→ PROBLEM REQUIREMENTS
Find the line below with "TE Part # 2-2834067-3" and the line with "Tulips awaited me on my return home". Output them and the lines between, exactly, but not the pictures.

· · · · ·

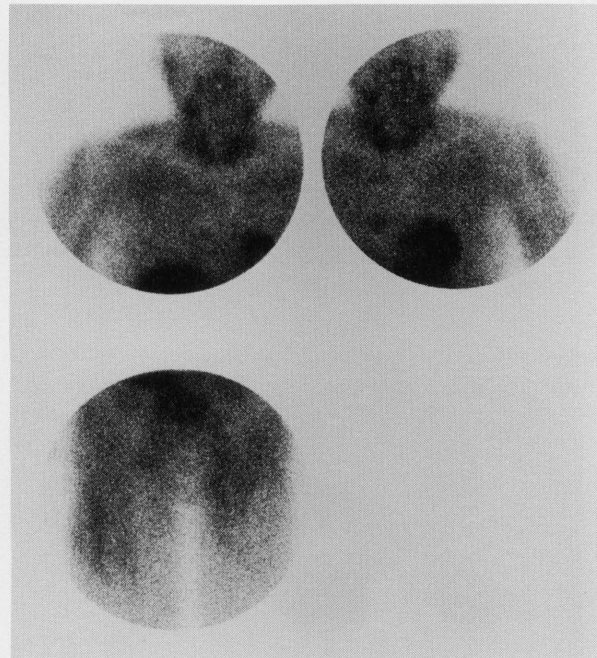
Fig. 5 Spot scintigrams with ^{201}\text{Tl} -chloride clearly demonstrated the muscle lesions with intense uptake, and also noticed the intense activity in the brachial muscles of forearms.

Interestingly, extensive intense muscle uptake of radioactivity was also shown on the muscle scintigrams with ^{201}\text{Tl} -chloride, which revealed almost the same soft-tissue distribution as ^{99\text{m}}\text{Tc} -MDP. The mechanism of ^{201}\text{Tl} -chloride uptake in the muscles involved with dermatomyositis is not clear. It appears in general to be related to its biological properties, which are similar to those of potassium. 9 It is rapidly and highly extracted by striated muscles
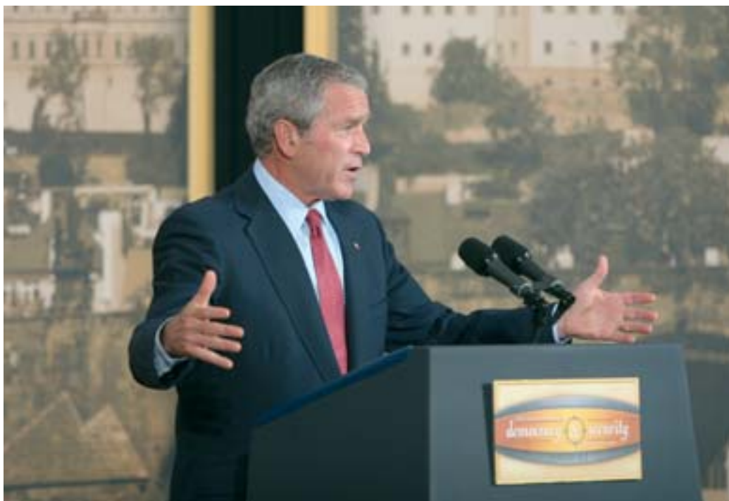
President of the United States George W. Bush
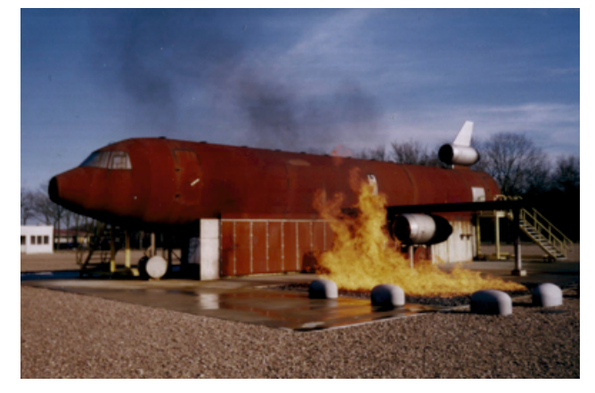
B737 Aircraft Trainer with Active Fuel Spill
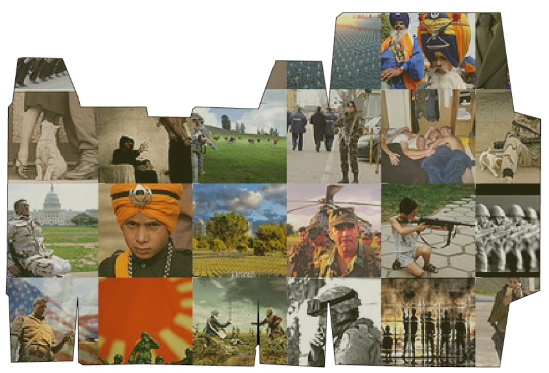
soldier, weapons, officers
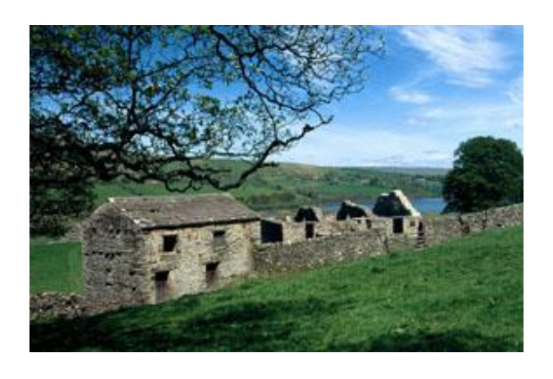
Ruined church at Stalling Busk

HUBBERHOLME, just up the valley, provides further accommodation. Its church is worth a visit for its exquisitely carved woodwork.
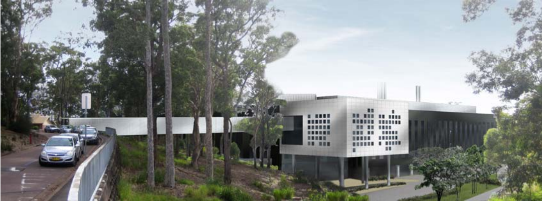
An artist's impression of the HMRI Building from Kookaburra Crescent
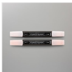
Petal Pink Stampin' Blends Combo Pack - 154893
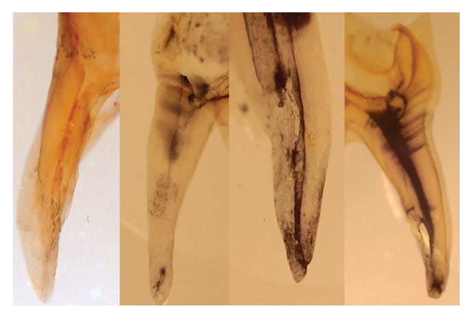
Fig. 1: Grading 0, 1, 2, and 3 of canals after making the tooth transparent for analysis

The teeth were decalcified by immersing them in 7% hydrochloric acid for 2 days. The acid solution was changed each day. After decalcification, the teeth were washed under running water. The teeth were then immersed in a series of diluted ethyl alcohols for dehydration: Initially in 70% alcohol for 16 hours (changed every 8 hours) followed by 80% alcohol for 8 hours, 95% alcohol for 8 hours, and 100% alcohol for
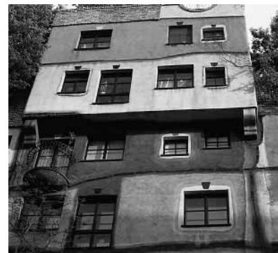
Façade of Hundertwasser Haus (this page)

Map pp262–3 03, Löwengasse/Kegelgasse; j N This residential block of flats was designed by Hundertwasser, Vienna's radical architect and lover of uneven surfaces. It is now one of Vienna's most prestigious addresses, even though it only provides rented accommodation and is owned by the city of
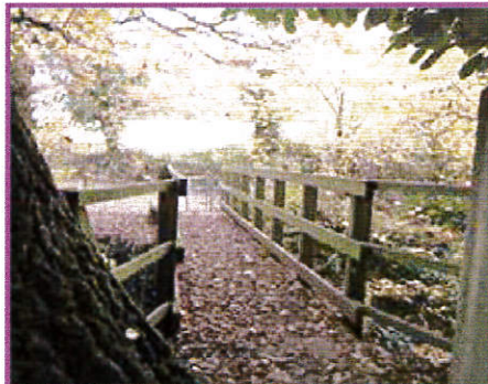
Photo: Country path
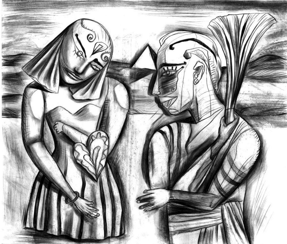
Heart on Your Sleeve by Alisha Sufit
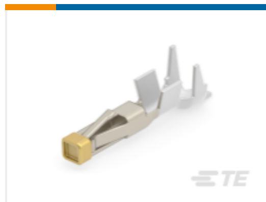
TE Part # 2-2834067-3 SOCKET CONTACT, MINIATURE WATERPROOF CONN
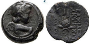
264 Seleukid Kingdom. Antioch on the Orontes. Antiochos VII Euergetes 138-129 BC. Bronze Æ 18 mm, 5,93 g very fine 10
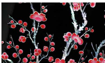
DISPLAY Lustrous Surfaces
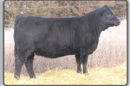
ME Queen of Crackerjack 487 Maternal sister to lot 1 selected by S&A Fredricks, SD
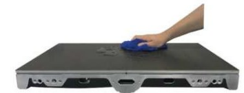
Easy to clean with water
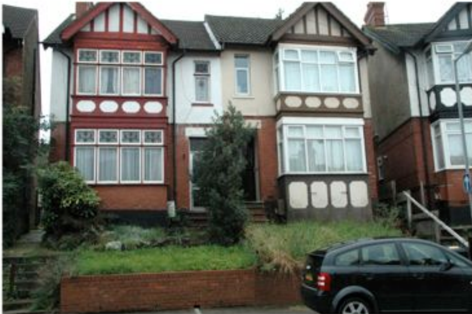
51 Russell Rise (17/9/2008)
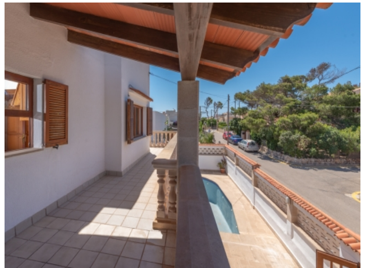
Covered balcony on the upper floor
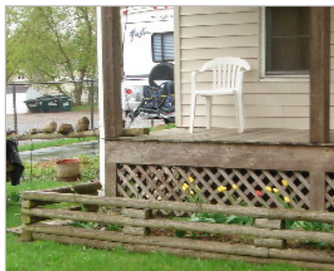
Tulips awaited me on my return home

I returned from vacation at 1:20am this morning. I will be updating the vacation notes in the next few days. But for now I have to go eat breakfast.
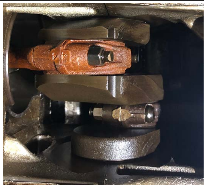
A little closer up shot shows that the rod bolt was left in the rod during the plating process. The plating also created an interesting texture on the rod.

came off and the surface was actually very hard. Puzzling indeed! What was going on?
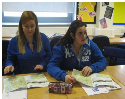
Fig. 6-7. Exchange between Sweden and the UK, March 2015

The students specialised in a variety of vocational subjects such as: car repair, construction, beauty therapy, hairdressing, fashion, childcare, and hospitality. Students from Linköping worked in a range of placements, both within local enterprises and within Doncaster College's commercial facilities.
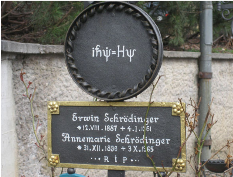
Abbildung 2. Tombstone of Annemarie and Erwin Schrödinger (1887–1961) with the Schrödinger equation i\hbar\psi = H\psi in modern notation. Photo by C. Joas, 2008.

of the experimental observation of the real world (Feynman et al. , 1965, chapter 16, p. 12).
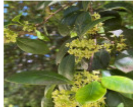
Werribee Park trees - 55
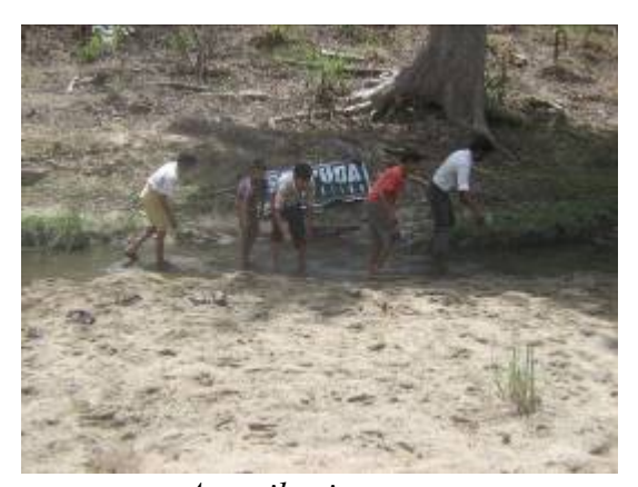
Cleaning of water body in progress at Aamajhari

· · · · ·

→ REPLY TO THE TASK
TE Part # 2-2834067-3 SOCKET CONTACT, MINIATURE WATERPROOF CONN
264 Seleukid Kingdom. Antioch on the Orontes. Antiochos VII Euergetes 138-129 BC. Bronze Æ 18 mm, 5,93 g very fine 10
DISPLAY Lustrous Surfaces
ME Queen of Crackerjack 487 Maternal sister to lot 1 selected by S&A Fredricks, SD
Easy to clean with water
51 Russell Rise (17/9/2008)
Covered balcony on the upper floor
Tulips awaited me on my return home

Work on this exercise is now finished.